Problem requirements
Reproduce, character for character, the lines below from the first through the one with "New Electric Santa". Leave pictures out.

Data segment
>>

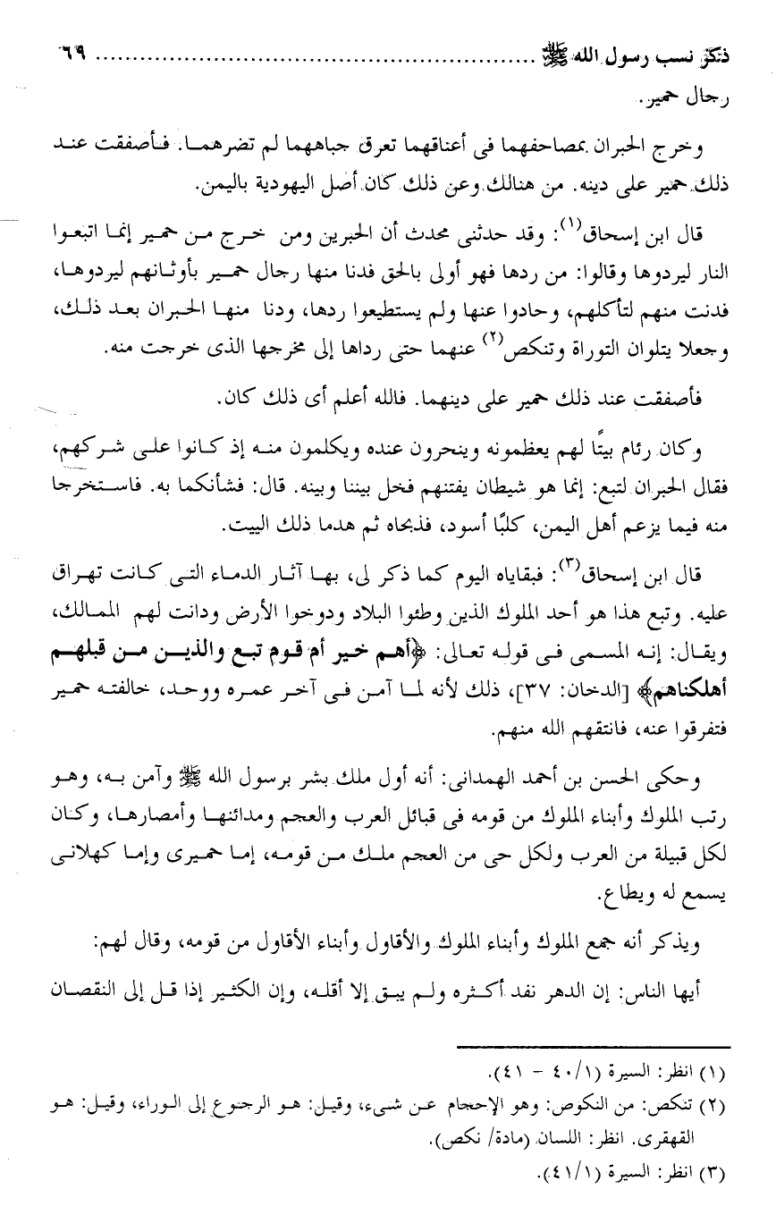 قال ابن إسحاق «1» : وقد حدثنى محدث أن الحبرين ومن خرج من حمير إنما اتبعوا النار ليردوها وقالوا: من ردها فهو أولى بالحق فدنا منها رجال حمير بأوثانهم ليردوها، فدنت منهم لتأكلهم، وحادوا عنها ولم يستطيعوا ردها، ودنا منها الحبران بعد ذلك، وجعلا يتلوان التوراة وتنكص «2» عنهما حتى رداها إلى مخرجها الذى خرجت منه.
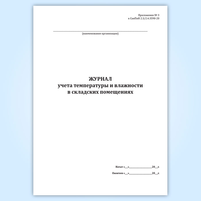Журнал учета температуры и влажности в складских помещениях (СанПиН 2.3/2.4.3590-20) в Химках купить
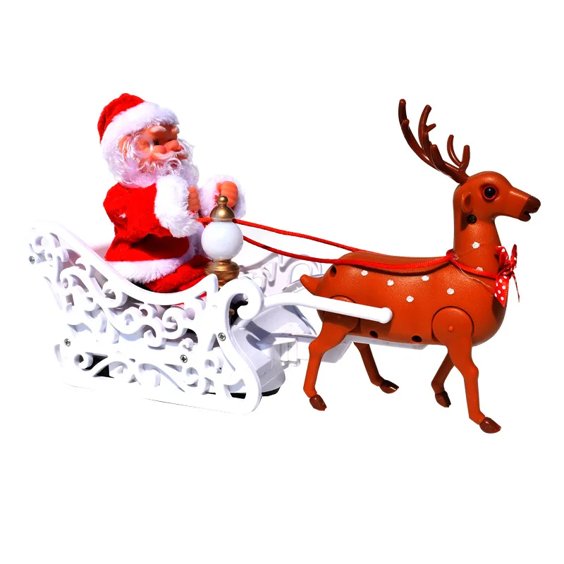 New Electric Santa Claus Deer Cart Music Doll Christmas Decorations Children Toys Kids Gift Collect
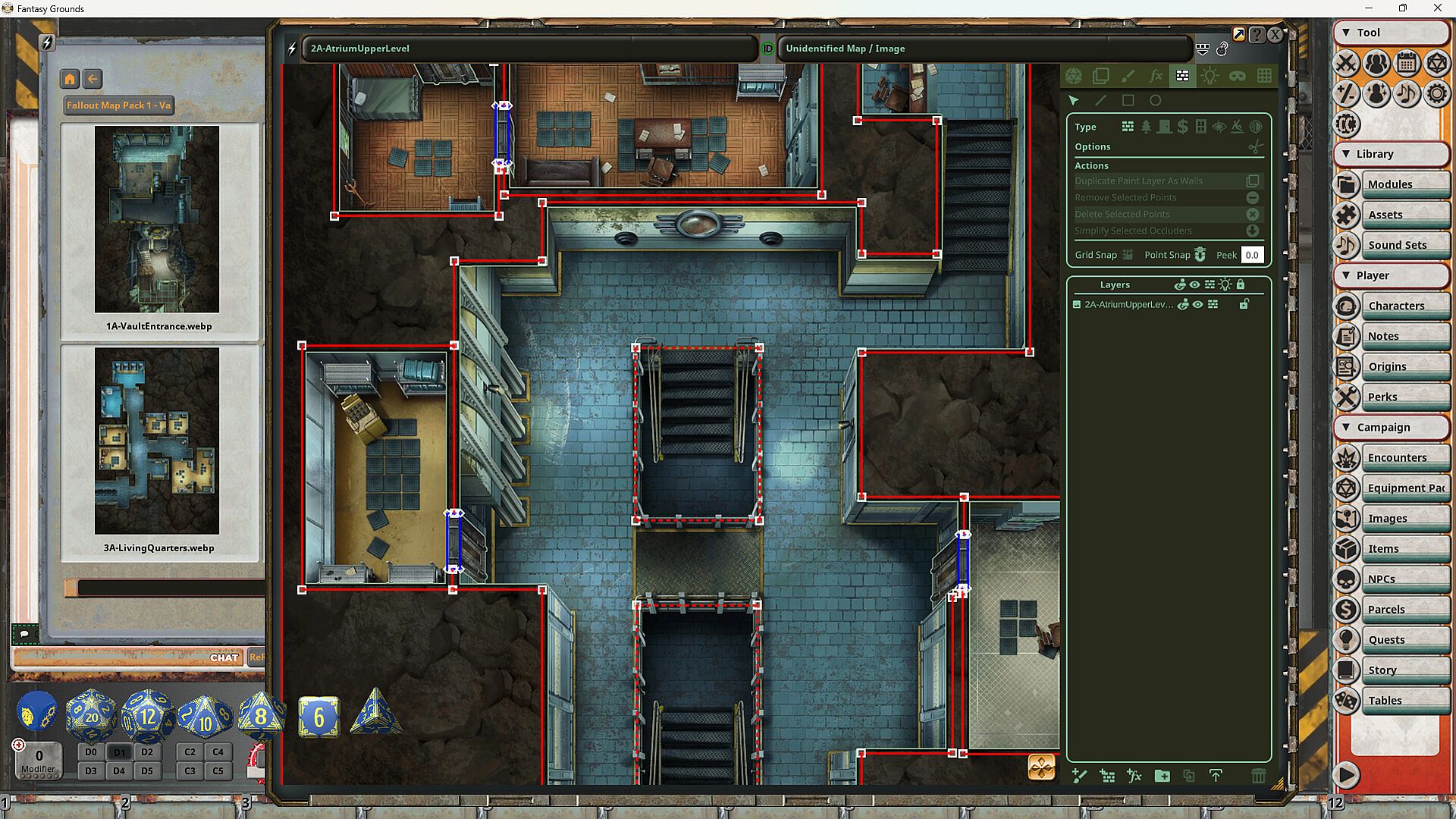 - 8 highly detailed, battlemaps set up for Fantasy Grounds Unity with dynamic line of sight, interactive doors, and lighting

<<

The answer
 قال ابن إسحاق «1» : وقد حدثنى محدث أن الحبرين ومن خرج من حمير إنما اتبعوا النار ليردوها وقالوا: من ردها فهو أولى بالحق فدنا منها رجال حمير بأوثانهم ليردوها، فدنت منهم لتأكلهم، وحادوا عنها ولم يستطيعوا ردها، ودنا منها الحبران بعد ذلك، وجعلا يتلوان التوراة وتنكص «2» عنهما حتى رداها إلى مخرجها الذى خرجت منه.
Журнал учета температуры и влажности в складских помещениях (СанПиН 2.3/2.4.3590-20) в Химках купить
 New Electric Santa Claus Deer Cart Music Doll Christmas Decorations Children Toys Kids Gift Collect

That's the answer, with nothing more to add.